Iterate until stable (= no object move group):
1. Determine the centroid coordinate;
2. Determine the distance of each object to the centroids;
3. Group the object based on minimum distance.
For you who like to use Matlab, Matlab Statistical Toolbox contain a function name kmeans.
If you do not have the statistical toolbox, you may use my generic code below. The kMeanCluster
and distMatrix can be downloaded as text files. Alternatively, you may simply copy and paste the
code below.
Matlab codes below:
function y=kMeansCluster(m,k,isRand)
%%%%%%%%%%%%%%%%%%%%%%%%%%%%%
% kMeansCluster - Simple k means clustering algorithm
% Author: Kardi Teknomo, Ph.D.
%
% Purpose: classify the objects in data matrix based on the attributes
% Criteria: minimize Euclidean distance between centroids and object points
% For more explanation of the algorithm, see http://people.revoledu.com/kardi/tutorial/kMean/index.html
% Output: matrix data plus an additional column represent the group of each object
%
% Example: m = [ 1 1; 2 1; 4 3; 5 4] or in a nice form
% m = [ 1 1;
% 2 1;
% 4 3;
% 5 4]
% k = 2
% kMeansCluster(m,k) produces m = [ 1 1 1;
% 2 1 1;
% 4 3 2;
% 5 4 2]
% Input:
% m - required, matrix data: objects in rows and attributes in columns
% k - optional, number of groups (default = 1)
% isRand - optional, if using random initialization isRand=1, otherwise input any number (default)
% it will assign the first k data as initial centroids
%
% Local Variables
% f - row number of data that belong to group i
% c - centroid coordinate size (1:k, 1:maxCol)
% g - current iteration group matrix size (1:maxRow)
% i - scalar iterator
% maxCol - scalar number of rows in the data matrix m = number of attributes
% maxRow - scalar number of columns in the data matrix m = number of objects
% temp - previous iteration group matrix size (1:maxRow)

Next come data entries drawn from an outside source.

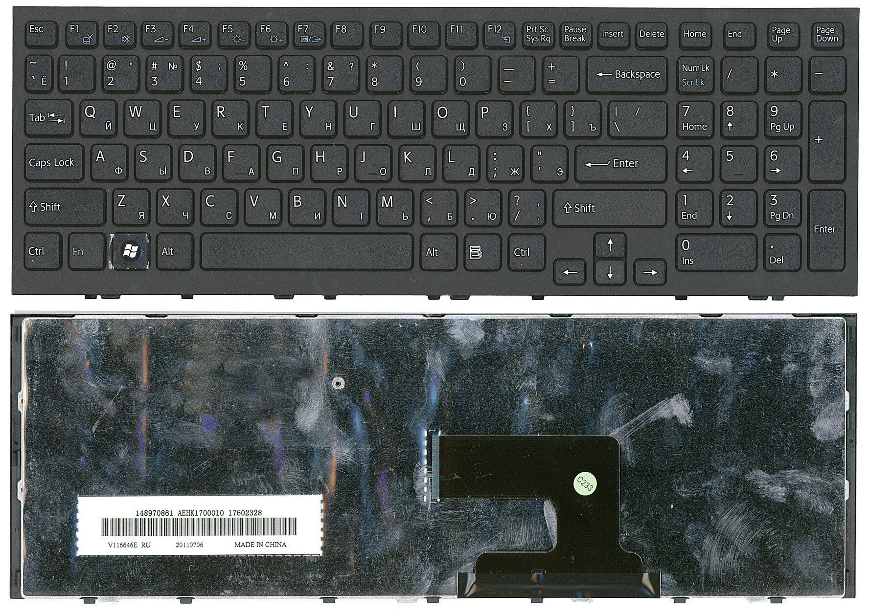 Купить Клавиатура для ноутбука Sony Vaio VPC-EH1S1R/B черная с рамкой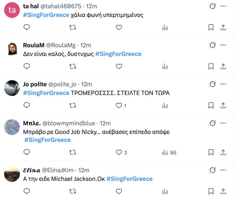 Όπως ήταν αναμενόμενο, η εντυπωσιακή εμφάνιση του Good Job Nicky στον Β΄Ημιτελικό «Sing for Greece» κατάφερε να γίνει πρώτο θέμα συζήτησης στο X με πολλά εκ των σχολίων που γράφτηκαν να παραείναι αυστηρά και ίσως άδικα.
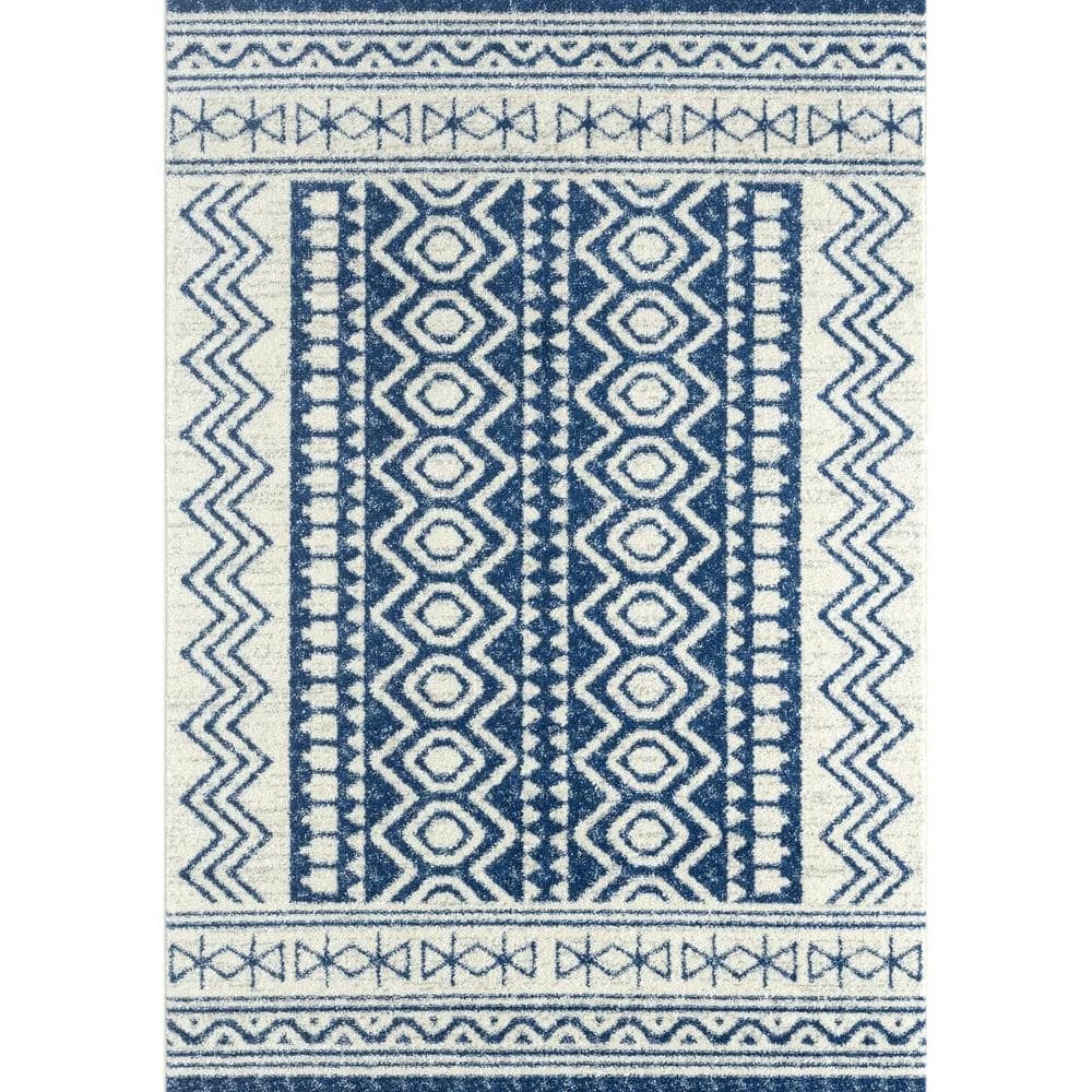 This Casa area rug is inspired by the unique tribal prints of the American Southwest. Historically, these prints evoked protection, comfort, and warm feelings of home. The neutral ivory tone of this area rug is easy to match any existing design aesthetic, whether modern or classic. The shades of navy all come together to create something meaningful and eye-catching. Durable and easy to care for, this area rug is the perfect addition to any existing space in your home in need of an upgrade.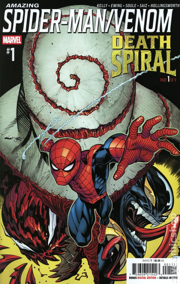 (W) Charles Soule; Joe Kelly; Al Ewing (A) Jesus Saiz (CA) Ed McGuinness FIRST YOUR FRIENDS. THEN YOUR FAMILY. THEN YOU. The next epic SPIDER-MAN and VENOM crossover starts here and continues through April! A new super-powered serial killer is on the loose and they're coming for Spidey, Venom and everyone in between. But what terrible secret has CARNAGE learned, and what does it have to do with Spider-Man?! 32 pages, rated T, full color Cover price $5.99.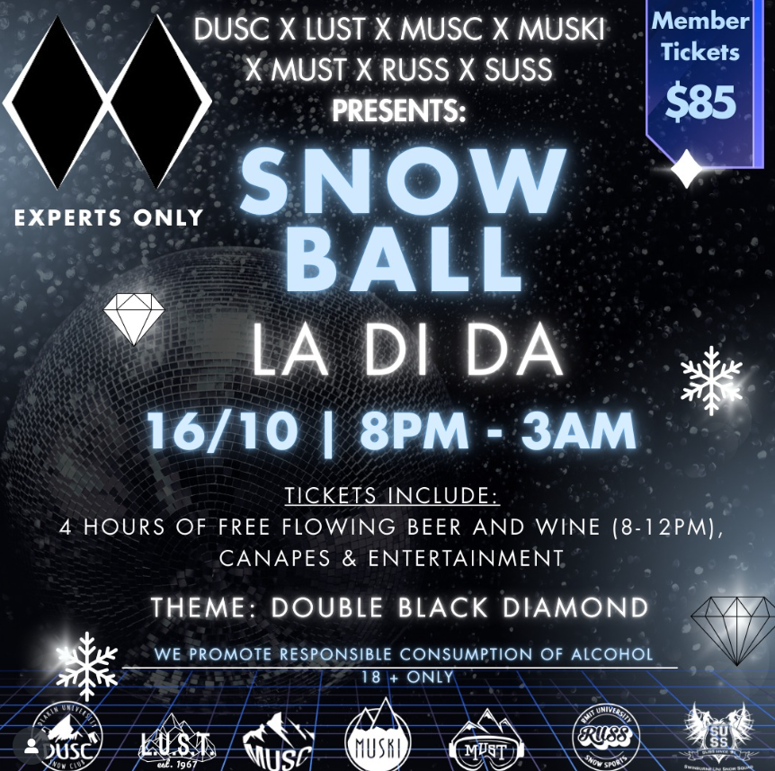 A huge cross-uni event bringing together all the snow teams for a night of dancing, chaos and peak-season energy.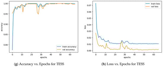 Figure 5g shows the accuracy graph for the TESS dataset. There is again an exception to note, namely that the TESS dataset being balanced and great for SER produces excellent results. The accuracy climbs to greater than 95% within the first five epochs and then saturates around the 99% mark, ranging from 99.1% to 99.73% on training and validation. This is shown in the loss graph (Figure 5h) as well, which shows the loss nearing 0.01 as the epochs progress. The TESS dataset exhibits the highest values in all the parameters measured, with an average value of 99% in F1-score, precision, recall, and accuracy.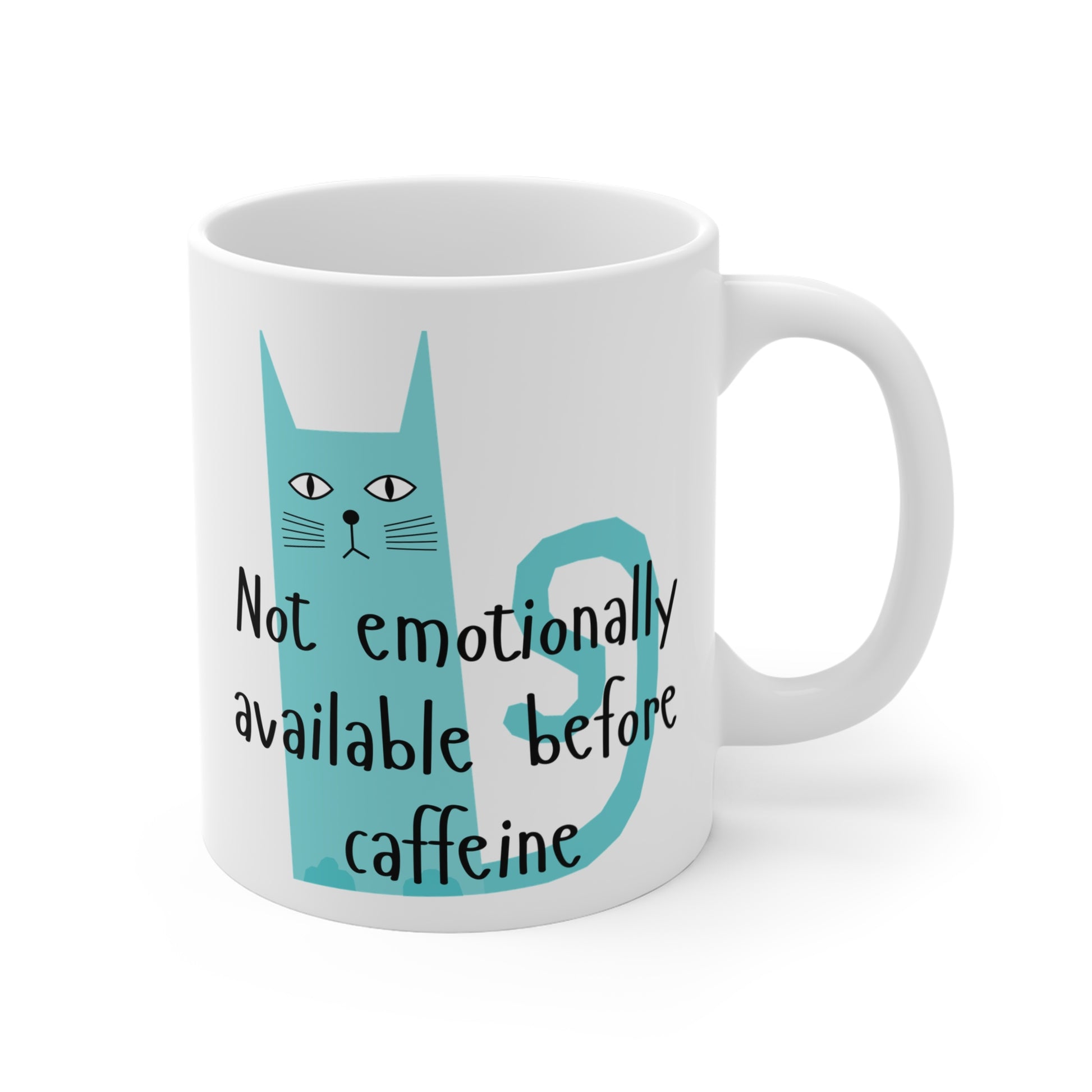 Funny Cat Mug - Not Emotionally Available Before Caffeine - 11oz Coffee Cup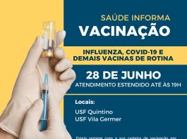 Unidades de Saúde da Quintino e Vila Germer terão horário estendido nesta quarta-feira para aplicação de vacina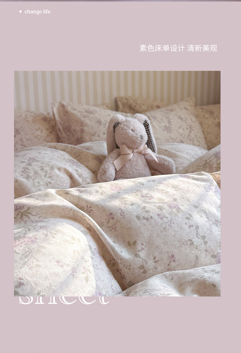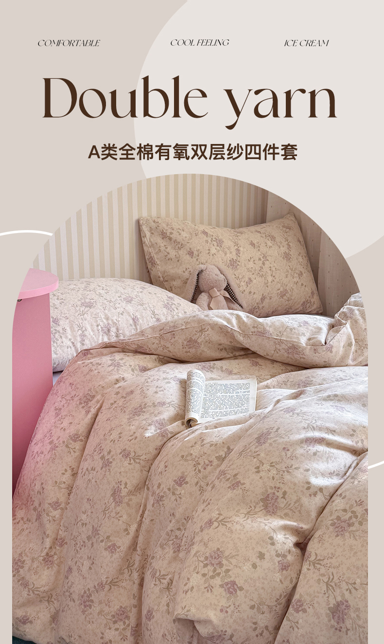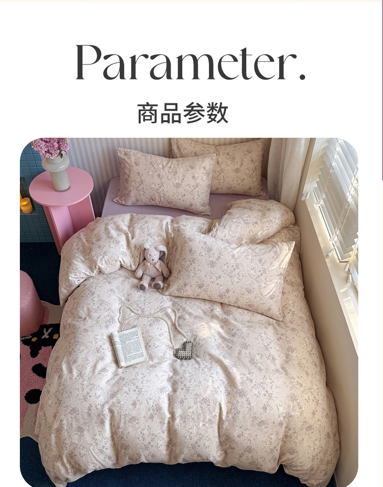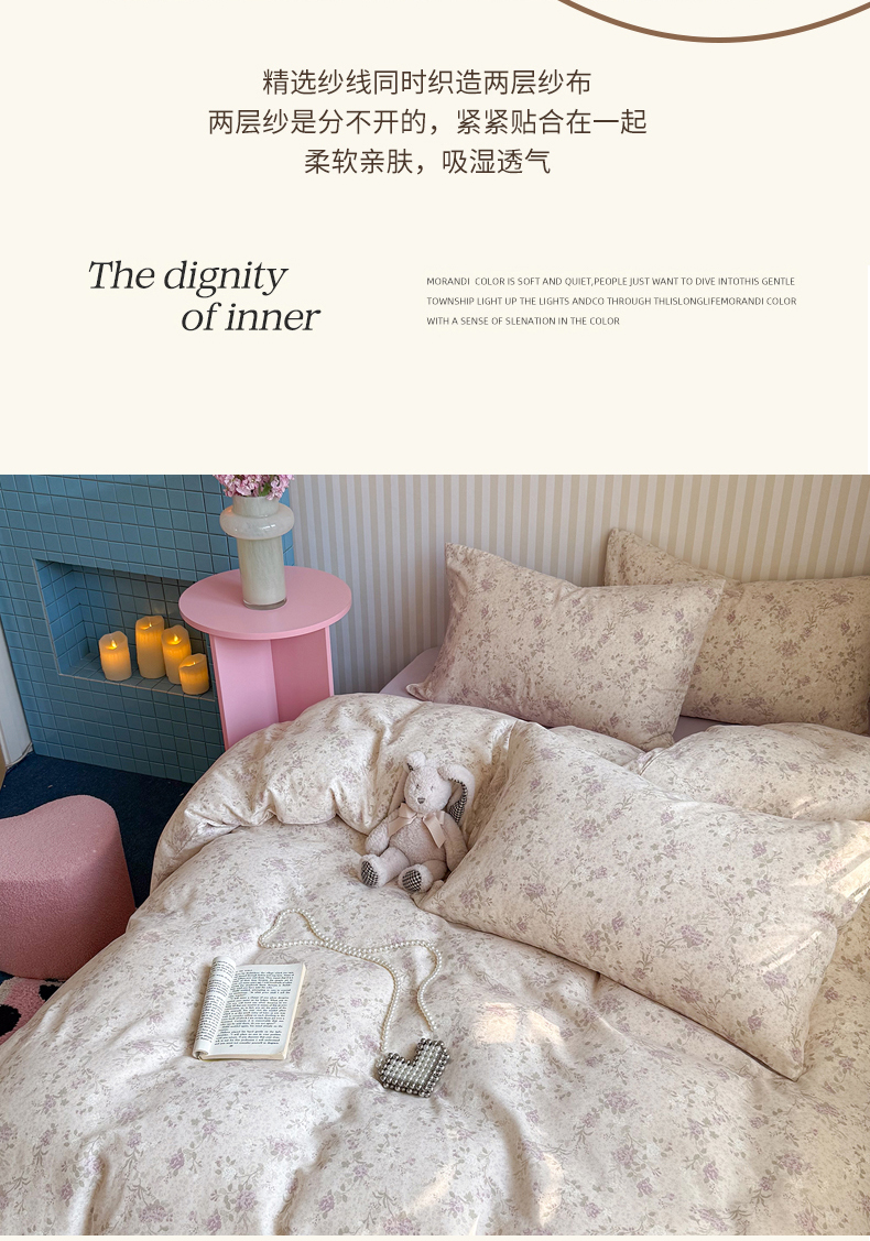 当前位置: 91家纺网 > 商品网购 > 床品套件 > 四件套 > 双层纱四件套 > 麦伦家居 2026春夏新品全棉有氧双层纱印花系列简约款四件套 巴黎晚香

% z - minimum value (not needed)
%%%%%%%%%%%%%%%%%%%%%%%%%%%%%%%%%%%%
if nargin<3, isRand=0; end
if nargin<2, k=1; end
[maxRow, maxCol]=size(m)
if maxRow<=k,
y=[m, 1:maxRow]
else
% initial value of centroid
if isRand,
p = randperm(size(m,1)); % random initialization
for i=1:k
c(i,:)=m(p(i),:)
end
else
for i=1:k
c(i,:)=m(i,:) % sequential initialization
end
end
temp=zeros(maxRow,1); % initialize as zero vector
while 1,
d=DistMatrix(m,c); % calculate objcets-centroid distances
[z,g]=min(d,[],2); % find group matrix g
if g==temp,
break; % stop the iteration
else
temp=g; % copy group matrix to temporary variable
end
for i=1:k
f=find(g==i);
if f % only compute centroid if f is not empty
c(i,:)=mean(m(find(g==i),:),1);
end
end
end
y=[m,g];
end
The Matlab function kMeansCluster above call function DistMatrix as shown in the code below.
It works for multi-dimensional Euclidean distance.
function d=DistMatrix(A,B)
%% DISTMATRIX return distance matrix between points in A=[x1 y1 ... w1] and in B=[x2 y2 ... w2]
%% Copyright (c) 2005 by Kardi Teknomo, http://people.revoledu.com/kardi/
%
% Numbers of rows (represent points) in A and B are not necessarily the same.
% It can be use for distance-in-a-slice (Spacing) or distance-between-slice (Headway),
%
% A and B must contain the same number of columns (represent variables of n dimensions),
% first column is the X coordinates, second column is the Y coordinates, and so on.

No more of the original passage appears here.